California has embarked on a historic journey to achieve groundwater sustainability with the passage of the Sustainable Groundwater Management Act (SGMA) by the California Legislature in 2014. A specific legislative requirement is the development of a hydrogeologic conceptual model; such a model provides the information about the subsurface architecture needed for generating a groundwater model and for quantifying the water balance. There is widespread recognition of the need to acquire more subsurface data so as to reduce the uncertainty in the conceptual models. But the currently deployed, traditional methods of characterizing aquifers through the drilling of wells with testing and logging are slow, expensive and insufficient in terms of data coverage.

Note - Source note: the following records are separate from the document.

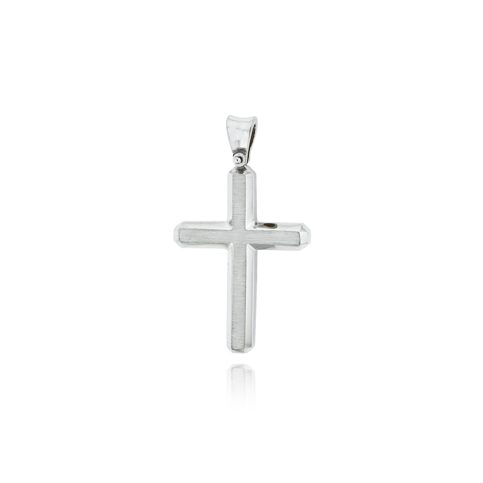 Ένας εξαιρετικά κομψός σταυρός βάπτισης για αγόρι, κατασκευασμένος από λευκό χρυσό 14 καρατίων, με έναν πρωτότυπο και μοντέρνο σχεδιασμό. Οι στρογγυλεμένες άκρες του σταυρού προσδίδουν μια αίσθηση ομορφιάς και ευγένειας στο κόσμημα, ενώ ο λευκός χρυσός προσθέτει λάμψη και φινέτσα. Αυτός ο σταυρός είναι ιδανικός για να τον φορέσει ένα αγόρι στη σημαντική τελετή της βάπτισής του.
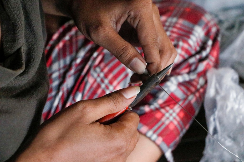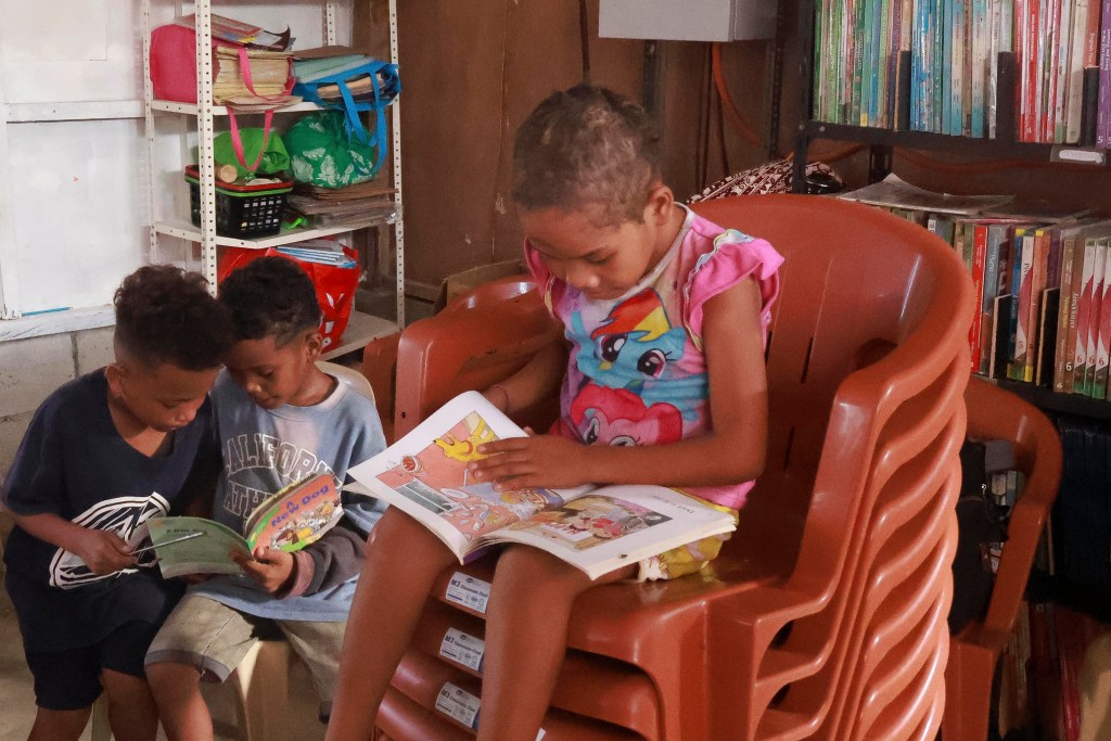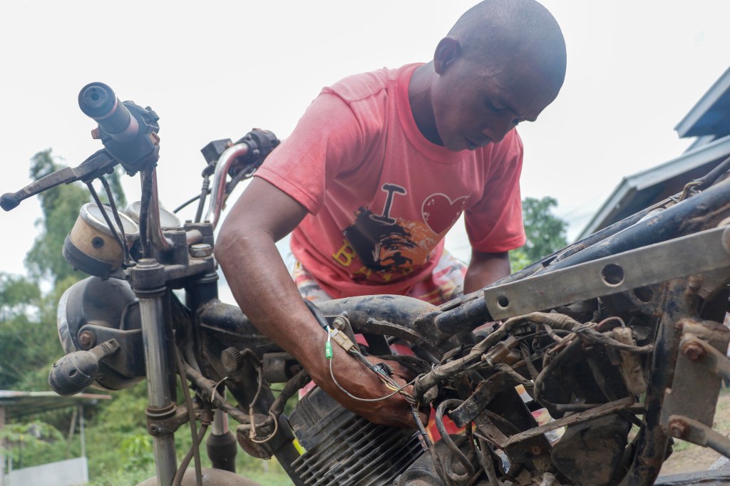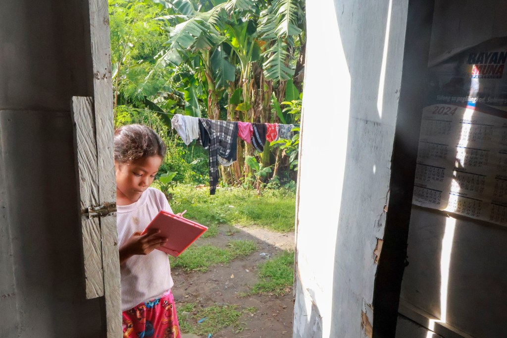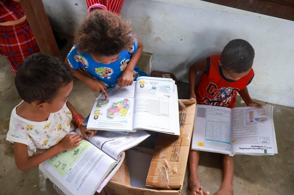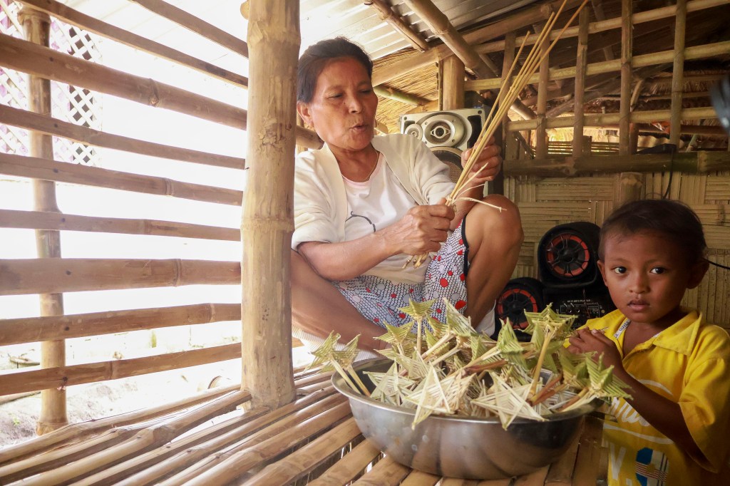 A group of Aeta children carry a box of textbooks that would be used for their weekly Sunday teaching session with volunteer teachers. With little to no support for Indigenous people from their local government unit, volunteer groups help teach the Aetas basic literacy and arithmetic skills.Aeta children read donated textbooks in their outdoor community center. With their communal culture, the Aetas allow everyone to read and review all of the books freely.Aeta learners also use their writing tablets outside the Aeta learning center during their free time. Most of the children are seen with these tablets practicing basic reading, writing, or even arithmetic.Marie, a regular student of the weekly teaching sessions, stands on the edge of a doorway while writing on her sketch tablet. Despite the community’s size and remote location, a generous amount of its space is allotted for an open educational environment for the whole community.Aeta children gather inside the learning center to read through books and school materials donated to their community. Their custom curriculum includes basic reading comprehension topics in English, Tagalog, or Kapampangan.Children in the Aeta community compete in a sack race outside the learning center. Beyond studying, playtime in free open spaces is an essential part of the learning process for the Aeta children.Volunteers from the group Liwanag at Dunong visit the community to teach not only Aeta children, but also older members of the community basic reading, writing, and mathematics every Sunday. The group built the Aetas a learning center that serves as their school and library for their weekly study sessions. These teaching sessions give the Aetas the needed literacy and arithmetic knowledge that would enable them to sell their products without the fear of being scammed.Volunteer teacher Maningning Vilog sheds tears during an interview after a sharing session with the elders. In the past, the Aetas used to belittle their capabilities whenever they were exploited and mocked by other people. A few years into the learning program, they now understand that they are not the ones at fault and are capable of defending their rights as Indigenous people.An Aeta family creates bracelets and anklets that they sell to visitors using beads gathered from a neighboring mountain. Many of the Aeta residents in Sitio Gayaman travel for hours to harvest products in the mountains for their livelihood.Maymay crafts bracelets made from locally sourced wooden beads. The Aeta community values their heritage of craftsmanship, which is dependent on the resources available within the local mountainside. They use their traditional skills to gather extra income to help provide for their needs.Rhea sells the homemade bracelets and anklets to volunteers and other visitors in their community. She is among the Aeta children who choose to help with their family’s livelihood on weekdays in place of studying in the elementary school near the community.Lolita De Guzman, one of the elder members of the Aeta community in Sitio Gayaman, shows the bamboo twigs she uses to create Christmas ornaments which she sells for extra income. While she manages one of the few remaining farming areas in the community, the food it produces is not enough to cater to their needs, forcing her family to find ways to gather income for their needs.Nanay Lolita demonstrates how she weaves ornamental stars out of bamboo fibers to sell in time for Christmas. She sources her materials from the nearby mountains, which also face the threat of deforestation and land conversion. While she makes the ornaments out of natural raw materials, she purchases her paint and other decorative materials from an online store, which also delivers directly to their community.Louis De Guzman harvests kangkong sprouts on the lake across “Susong Dalaga”, a hill that used to be a source of food and ample income for the Aetas, in the way of harvesting fresh river snails or susô. The way to Susong Dalaga is now impassable as New Clark City quarries have caused the lake to go from ankle-deep to a depth that has caused an incident nearly drowning 3 Aeta children and leaving one dead.A group in the Aeta community poses with the vegetable and fruit products that they harvested in the nearby mountains. Every Sunday, they travel for over two hours early in the morning to gather the produce that they sell to the visitors and volunteers in the community.Nanay Penny harvests a piece of silk squash or patola in the farming area behind their house. Their mini-farm features different plants such as papaya and patola, which Nanay Penny and her family eat daily. Nanay Penny’s backyard is one of the remaining areas in the community that produces edible crops.Various livestock can be seen around Sitio Gayaman. Most of these animals are taken care of until they are old enough to either eat or sell. Some, such as the goats, were donated by visitors to the community.Ricardo Monterola carves the frame of a bow and arrow from the branch of a banana tree. The Aeta are renowned for their hunter-gatherer lifestyle which necessitates the skills to craft and shoot a bow and arrow or pana. Ricardo, however, has not been able to hunt in recent years as he opted to work as a construction worker in a nearby town to provide for his family.Christian Tiglao reconnects the broken components that he fixed on his motorcycle. Christian rides the vehicele to travel to his job at a golf course in Tarlac, an establishment that displaced many Aeta people. The Aeta community in Sitio Gayaman is driven to adapt to modern-day technology in order to be able to work for their necessities.Solar panels are installed onto the roof of a house in Sitio Gayaman. Alternative sources of energy, such as second-hand panels were installed by the residents to help save on electricity, especially with the absence of urban lighting.An Aeta child scrolls through a social media app inside th
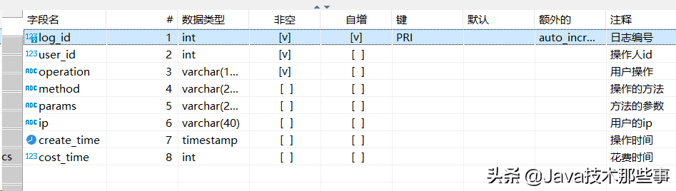 `log_id` int NOT NULL AUTO_INCREMENT COMMENT '日志编号',
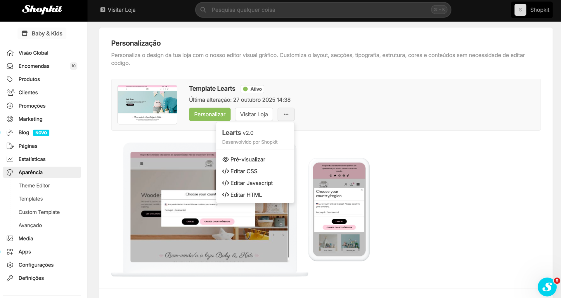 No menu Aparência / Theme Editor é possível verificares qual o template que tens atualmente aplicado na loja, a data da última alteração e uma pré-visualização da tua loja em desktop e mobile.
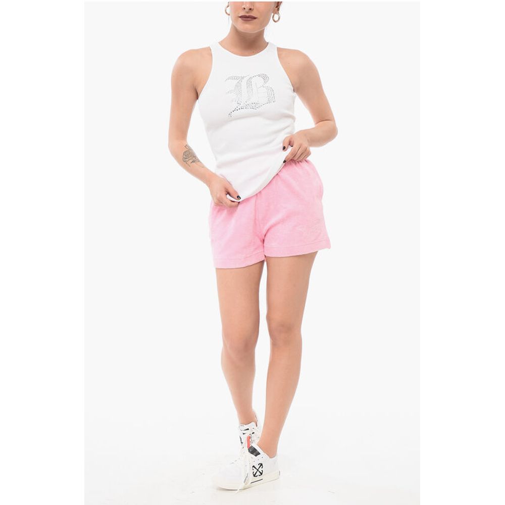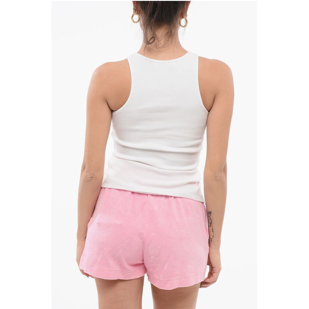 Blumarine Ribbed Tank Top with Rhinestoned Logo
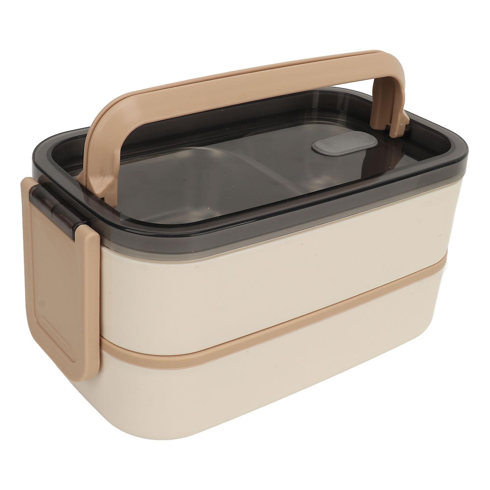 Double-layered lunch box stackable Bento box with cutlery Stainless steel Lunch box 1400ml Khaki 304
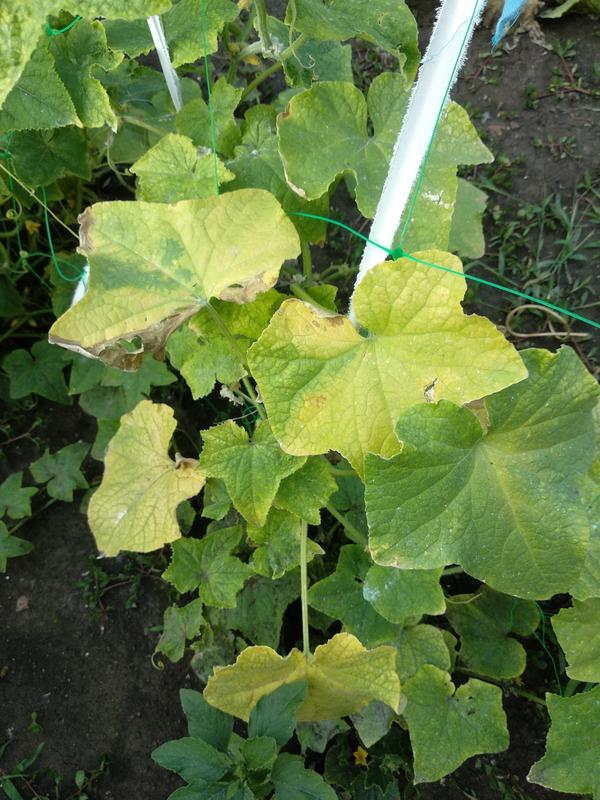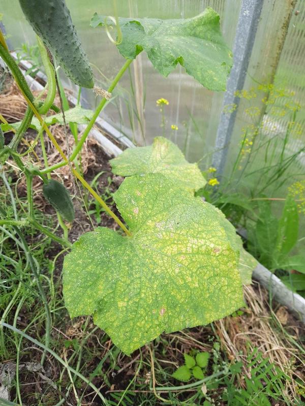 Это может быть так же в начале развития огуречной плети или, наоборот, под конец сбора урожая. А так же, при очень большом количестве плодов. Это значит, что листья «обеднели», отдали все ценное, что было заложено в них.
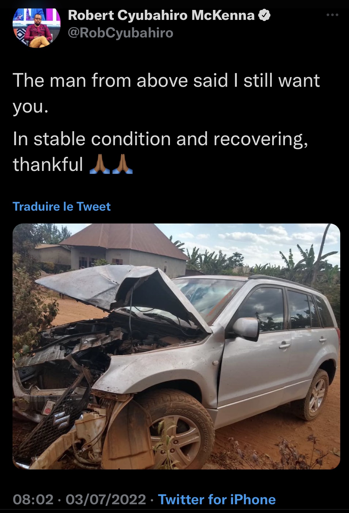 Abinyujije ku rukuta rwe rwa Twitter yashyize hanze ifoto igaragaza imodoka ye yangiritse cyane maze ayiherekesha amagambo agira ati « The man from above said I still want you. In stable condition and recovering, thankful 🙏🏾🙏🏾 ».
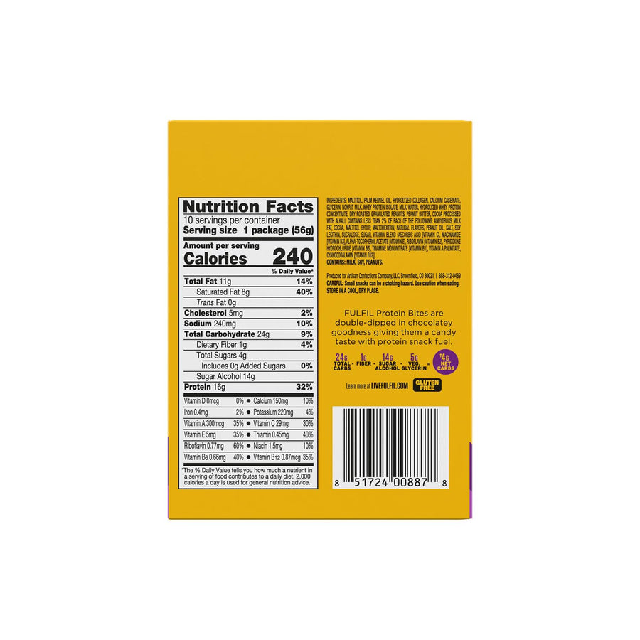 FULFIL Protein Bites Highlights: Indulge in the rich, creamy goodness of FULFIL Chocolate Salted Caramel Protein Bites. With 16 grams of protein, only 3 grams of sugar, and 4 grams of net carbs, these gluten-free bites are perfect for satisfying cravings without the guilt. Whether you're at home, at the office, or on the go, enjoy a delicious blend of salted caramel and chocolate that’s sure to please. Keep a bag handy for whenever hunger strikes — just be prepared to share!

The MUDP-funded project (GAP) was part of a larger project, made up of ten work packages that allowed us to develop the optimal workflow for the use, in California, of AEM data to develop a hydrogeologic conceptual model. In the MUDP project, we included four work packages, that represent the research and development components of the ten in the larger project. The main body of this report contains descriptions of these four work packages. The deliverable from the larger project, the set of recommendations describing the optimal workflow, is presented in the Appendix.
The GAP project has created the foundation for a large-scale procurement from the State of California Department of Water Resources (DWR) for mapping of the Californian geology in all high and medium priority groundwater basins. The first large scale project was tendered out in autumn 2020 requesting use of advanced AEM technology similar to SkyTEM.